Georgian president Mikheil Saakashvili blamed for starting Russian war

• EU investigation says Tbilisi launched indiscriminate assault on South Ossetia • Inquiry accuses both sides in five-day conflict of breaking laws of war

An investigation into last year's Russia-Georgia war delivered a damning indictment of President Mikheil Saakashvili today, accusing Tbilisi of launching an indiscriminate artillery barrage on the city of Tskhinvali that started the war.

In more than 1,000 pages of analysis, documentation and witness statements, the most exhaustive inquiry into the five-day conflict dismissed Georgian claims that the artillery attack was in response to a Russian invasion, accused both sides of violations of the laws of war, indicated that war crimes had been perpetrated against Georgian civilians and rejected Russian claims of "genocide" in the breakaway Georgian province of South Ossetia.

The EU-commissioned report, by a fact-finding mission of more than 20 political, military, human rights and international law experts led by the Swiss diplomat, Heidi Tagliavini, was unveiled in Brussels today after nine months of work.

"There is no way to assign overall responsibility for the conflict to one side alone," the report found.

But the conclusions will discomfit the western-backed Georgian leader, Saakashvili, who was found to have started the war with the attack on Tskhinvali, the South Ossetian capital, on the night of 7 August last year, through a "penchant for acting in the heat of the moment".

The war started "with a massive Georgian artillery attack", the report said, citing an order from Saakashvili that the offensive was aimed at halting Russian military units moving into South Ossetia.

Flatly dismissing Saakashvili's version, the report said: "There was no ongoing armed attack by Russia before the start of the Georgian operation ... Georgian claims of a large-scale presence of Russian armed forces in South Ossetia prior to the Georgian offensive could not be substantiated ... It could also not be verified that Russia was on the verge of such a major attack."

While concluding the Georgians fired the first shots, the report said the attack was the culmination of months and years of rising tension and provocations for which both sides bore the blame.

Intended to settle intense finger-pointing over the conflict, the report predictably unleashed a fresh bout of charge and counter-charge between the Russians and the Georgians.

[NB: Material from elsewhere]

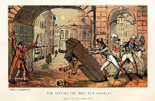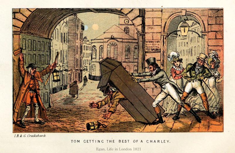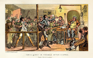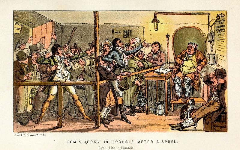 After [a young forger] were brought up three young sparks for a street row. They had been enacting the parts of Tom, Jerry, and Logic, and the scene had ended, as usual, in the watchhouse. One of them exhibited the marks of the prowess of the "Charlies" in a eye portentously swollen and blackened. The two others seemed to have undergone complete immersion in the kennel; the mud of which, being now dried on their clothes, gave their evening finery a most dilapidated aspect. It appeared that these young men had been vastly taken with the refined humour, brilliant wit, and gentlemanly knowledge of the world in the production called " Life in London;" and that they had determined to emulate the deeds of its triumvirate of worthies as soon as opportunity served. In pursuance of this exalted ambition, they had sallied forth the night before with the determination of having " a spree." Accordingly, in the Strand, they had overtaken a watchman, a feeble old man, who was instantly, in the most manly manner, floored by a broad-shouldered young fellow of six feet high. The prostrate Charley, however, incontinently sprang his rattle, which brought to his assistance a sufficient number of his brethren to lodge, after a desperate resistance, the Corinthian and his friends in the watch-house. And here it appeared that their-behaviour was by no means peaceable and resigned; indeed, the constable averred, that be was finally necessitated to consign them to the strong room for safety.Tom & Jerry In Trouble After a Spree

The investigators criticised and condemned Russian conduct and policy in the months and yearsleading up to the war and its behaviour since. But on the issues of who started what when, the report was unequivocal. The Georgian offensive against Tskhinvali was not justified under international law.

"It is not possible to accept that the shelling of Tskhinvali with Grad multiple rocket launchers and heavy artillery would satisfy the requirements of having been necessary and proportionate."

The Russians had moved mercenaries and paramilitary forces into South Ossetia in apparent preparation for armed hostilities before Saakashvili's disastrous offensive, which triggered a Russian invasion and left his country partitioned. But the proper Russian reponse to the artillery barrage came – by land, sea and air – 12 hours after the Georgian action.

The report concluded that South Ossetian irregular forces violated the rules of war in attacks on Georgian villages and that Russian peacekeeping forces "would not or could not" control them. Russian claims of Georgian "genocide" in South Ossetia were dismissed and Russian claims that Georgians had killed 2,000 civilians were found to be wildly exaggerated. The report put the figure of civilian dead at 162 on the South Ossetian side.

The secession of South Ossetia and Abkhazia from Georgia was branded illegal and Russian recognition of the two "states" in breach of international law.The report found that Moscow had been assiduously preparing the secession by, among other things, a policy of "passportification", illegally distributing Russian passports on a mass scale among the breakaway populations.The mission also found that western blunders spurred the warmongers. A "series of mistakes, misperceptions, and missed opportunities on all sides" internationally contributed to the breakout of war. It traced the conflict back to the early 90s and the fallout from the collapse of the Soviet Union and accused the Kremlin of abusing its status as a "great power" to coerce "a small and insubordinate neighbour."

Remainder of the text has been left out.